A mensagem é o mais importante, de facto. Nunca se fez nada assim na televisão generalista em Portugal. Vivemos num país legalmente avançado ao nível dos direitos LGBTI (Lésbicas, Gays, Bissexuais, Travestis, Transexuais, Transgêneros ou Intersexuais), mas, socialmente, ainda existe muito preconceito. Quero, sobretudo, mostrar que estes homens são pessoas iguais a todas as outras, simplesmente têm uma profissão menos comum. Esta é uma reportagem para rasgar preconceitos, ideias erradas e é um apelo ao respeito pelas liberdades individuais. Além disso, estes três homens têm histórias que merecem ser contadas: todos eles, todos os dias, lutam contra a discriminação. Ao longo de muitos anos, foram insultados, olhados de lado e alguns até rejeitados pelos que mais amam, pela família. Hoje, têm carreiras já com alguma duração e dizem-se de bem com a vida. Pegaram nos ataques que lhes eram dirigidos, empoderaram-se e, agora, assumem-se como uma inspiração para milhares de pessoas LGBTI, mas não só. Eles, no fundo, querem dizer a quem os vê ou segue: "Olhem aqui, já passámos momentos muito difíceis, mas estamos bem e felizes com aquilo que somos e com a vida que escolhemos". Isso é uma mensagem de esperança enorme para todas as pessoas LGBTI que ainda sofrem de discriminação. 

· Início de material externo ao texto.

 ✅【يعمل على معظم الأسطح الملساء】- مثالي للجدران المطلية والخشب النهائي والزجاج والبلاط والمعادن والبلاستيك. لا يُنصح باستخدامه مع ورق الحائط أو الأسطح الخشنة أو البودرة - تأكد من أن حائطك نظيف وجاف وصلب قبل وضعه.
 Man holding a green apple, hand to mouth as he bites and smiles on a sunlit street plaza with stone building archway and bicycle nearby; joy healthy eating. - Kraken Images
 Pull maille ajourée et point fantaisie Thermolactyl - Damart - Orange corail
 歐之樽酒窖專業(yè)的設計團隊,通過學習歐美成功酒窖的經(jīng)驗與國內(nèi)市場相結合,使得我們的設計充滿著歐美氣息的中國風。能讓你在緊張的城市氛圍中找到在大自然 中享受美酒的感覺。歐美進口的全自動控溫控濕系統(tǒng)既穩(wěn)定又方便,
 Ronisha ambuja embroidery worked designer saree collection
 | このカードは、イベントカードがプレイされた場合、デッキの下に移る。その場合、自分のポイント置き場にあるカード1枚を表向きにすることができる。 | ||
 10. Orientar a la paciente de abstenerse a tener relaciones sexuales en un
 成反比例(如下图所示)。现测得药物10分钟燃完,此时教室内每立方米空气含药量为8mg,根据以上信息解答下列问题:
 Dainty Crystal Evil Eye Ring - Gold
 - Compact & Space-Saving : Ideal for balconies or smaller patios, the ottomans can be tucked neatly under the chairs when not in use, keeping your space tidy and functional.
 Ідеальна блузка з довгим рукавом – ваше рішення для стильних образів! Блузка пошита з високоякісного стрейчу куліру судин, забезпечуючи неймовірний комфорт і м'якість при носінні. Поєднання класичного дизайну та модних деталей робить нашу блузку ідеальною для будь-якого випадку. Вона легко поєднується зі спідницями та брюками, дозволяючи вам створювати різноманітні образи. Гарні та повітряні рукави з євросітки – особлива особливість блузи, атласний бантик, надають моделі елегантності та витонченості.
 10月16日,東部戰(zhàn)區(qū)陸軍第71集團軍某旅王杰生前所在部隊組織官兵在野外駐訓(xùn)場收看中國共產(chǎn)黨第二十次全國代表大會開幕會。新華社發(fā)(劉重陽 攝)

O que é que o surpreendeu mais no mundo das drag queens?

Quase tudo me surpreendeu. Muito daquilo que ouvi a minha vida inteira em relação a travestis, tinha que ver com drogas e prostituição. Tudo errado. São pessoas normalíssimas, iguais a quaisquer outras. Têm família, um trabalho altamente profissional, têm relações, enfim, uma vida. Eles são entertainers e só querem divertir as pessoas nos espetáculos que fazem, claro, sempre, com um enorme sentido de responsabilidade social. Ao nível técnico, o que mais me surpreendeu foi o tempo da caracterização. Uma das personagens demora praticamente cinco horas a preparar-se. É louvável, a paciência! Depois, claro, há uma pergunta que toda a gente faz: "Se eles são homens, como criam a ilusão de uma vagina?" Isso também é surpreendente, acreditem. E nós revelamos na reportagem.

Como é que foram recebidos nas discotecas e bares onde eles dão espetáculos?

Super bem recebidos. Criámos uma ligação muito próxima com muitas pessoas. E sentimos algo muito bom. Durante as gravações, muitas pessoas vinham ter connosco e diziam: "Finalmente uma grande reportagem sobre drag queens na televisão portuguesa". Isto porque quem não conhece associa a temática quase a um submundo, super secreto e inacessível. Mas não é nada disso. Até porque, cada vez mais, vai-se falando do assunto, por exemplo, o Pabllo Vittar, que, de um momento para o outro, se tornou numa estrela drag em todo o mundo latino. Só há uma diferença: é que as drags da minha reportagem não cantam, só dançam e fazem um espetáculo de entretimento, comédia, basicamente.

E as famílias destes homens, aceitam?

Essa é uma questão mais complicada. Os três são homossexuais, o que já pode ser difícil de gerir para algumas famílias. Pior é quando escolhem ser transformistas, uma profissão que rompe com os conceitos comuns daquilo que é o género masculino e o género feminino. Na reportagem, há famílias que aceitam e outras que têm mais dificuldade. A forma como, sobretudo as mães, olham para estes filhos é surpreendente, mas isso não posso contar. A história completa só no Jornal das 8, na terça-feira.

O que é que os telespectadores da TVI podem esperar desta reportagem?

Bem, vai ser uma reportagem para rir muito, mesmo a sério, para chorar também, por causa das histórias de vida deles, mas vai ser, sobretudo, uma reportagem para pensar. Para pensar a forma como olhamos para a diferença e como respeitamos a liberdade individual dos nossos pares. Estes homens são livres, a liberdade deles não viola a de ninguém, então, têm o direito de fazer o que quiserem sem serem discriminados, sobretudo, quando aquilo que fazem, muitas vezes, até contribui para a felicidade, para a diversão e para o bem-estar de tantos outros.